Phases and the de-risking spikes live in [`docs/ROADMAP.md`](docs/ROADMAP.md).

## Documentation

| Document | Contents |
|---|---|
| [`docs/ARCHITECTURE.md`](docs/ARCHITECTURE.md) | Crate workspace, agent loop, tool pipeline, compaction, sessions, sandbox |
| [`docs/PROVIDERS.md`](docs/PROVIDERS.md) | Provider trait, canonical format, per-provider divergences, retry and caching |
| [`docs/DECISIONS.md`](docs/DECISIONS.md) | Architecture decision records (language, frontend, naming, providers, risks) |
| [`docs/ROADMAP.md`](docs/ROADMAP.md) | Phases, de-risking spikes, sequencing |
| [`docs/openai-subscription-auth.md`](docs/openai-subscription-auth.md) | ChatGPT subscription auth mechanics |

## FAQ

**Why Rust and not TypeScript like Claude Code?**
The whole point is sharing a core with Paneflow, which is GPUI (Rust). A Rust core can be embedded in-process with shared types and no IPC. A TS core hits an FFI wall. The accepted cost is slower solo dev velocity; the mitigation is a tight scope and decoupled, testable crates.

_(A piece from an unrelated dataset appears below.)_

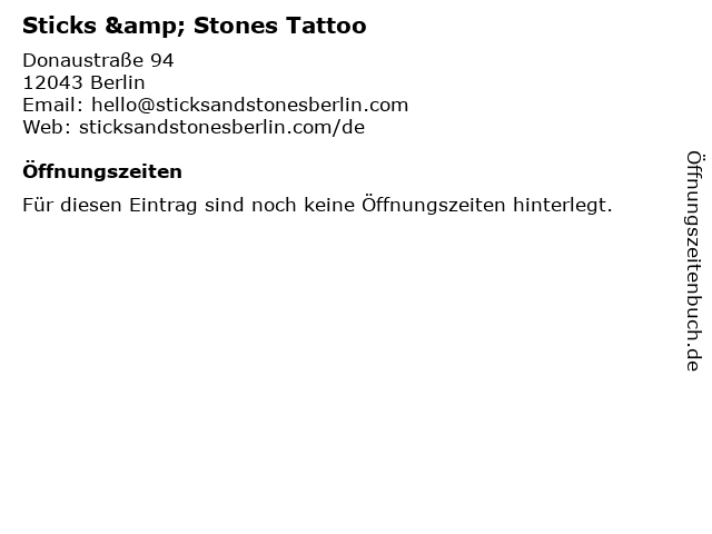 | Öffnungszeiten Sticks & Stones Tattoo in Berlin anzeigen | |

**Why does it only work with a ChatGPT subscription today?**
Sequencing, not abandonment. The author orchestrates agents all day and wanted *his* model working perfectly first, then to add other providers over time. The `Provider` trait keeps the door open; the canonical format and retry/auth layers already exist.

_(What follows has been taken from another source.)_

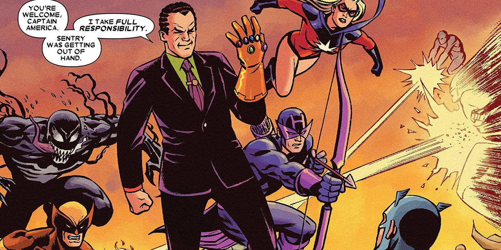 El multiverso puede parecer a veces un truco, pero uno de sus usos más creativos ha sido con el Consejo Interdimensional de Cañas. Reed Richards es una de las mentes más grandes del universo, así que es lógico que los Richards de otros universos sean igual de brillantes. Richards recurre a este poderoso grupo de cerebros en busca de consejo, sólo para saber que varios de los más competentes Richards vienen equipados con guanteletes de infinito que han usado para mejorar sus respectivos universos. Es alentador ver que este poder no se corrompe y que en realidad ayuda a mejorar el multiverso.

**Is this allowed? Will my account get banned?**
The subscription login reuses the open-source Codex CLI's OAuth client, which is unofficial and ToS-grey. It works for personal use and is revocable. If that risk is unacceptable to you, wait for the BYOK adapters.

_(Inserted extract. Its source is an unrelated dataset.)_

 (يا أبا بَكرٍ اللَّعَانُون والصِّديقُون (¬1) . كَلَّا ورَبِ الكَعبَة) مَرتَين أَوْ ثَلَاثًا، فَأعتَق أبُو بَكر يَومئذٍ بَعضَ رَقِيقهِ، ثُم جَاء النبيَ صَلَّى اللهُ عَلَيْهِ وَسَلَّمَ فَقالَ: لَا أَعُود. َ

**Can I use my Anthropic Max subscription?**
No. Anthropic blocks third-party tools from authenticating with Pro/Max subscriptions. That is precisely why Numen is model-agnostic by design and does not depend on any single subscription channel.

**Is this a Claude Code wrapper?**
No. It is an independent Rust implementation inspired by Claude Code's internal architecture (headless loop, transcript-before-response, compaction cascade, fail-closed tools), not a shell over it.

**Is it ready for daily use?**
It is dogfooded daily by its author on Linux, but it is early: one provider, no releases, Linux-first, and a revocable auth channel. Build from source and expect rough edges.

**Why GPL-3.0?**
Numen is free and open source by design, and copyleft keeps it that way: improvements to the agent stay in the commons, and the shared core cannot be forked into a closed product.

**How does it relate to Paneflow?**
Paneflow runs CLI agents in parallel GPU panes; Numen is one such agent. The deeper plan is for Paneflow to embed `agent-core` in-process and render its events natively (GPU diffs, plan trees). That embedding is future work; the decoupling that makes it possible exists today.

## License

[GPL-3.0-or-later](LICENSE). Numen is free and open source by design, and copyleft keeps it that way: improvements stay in the commons.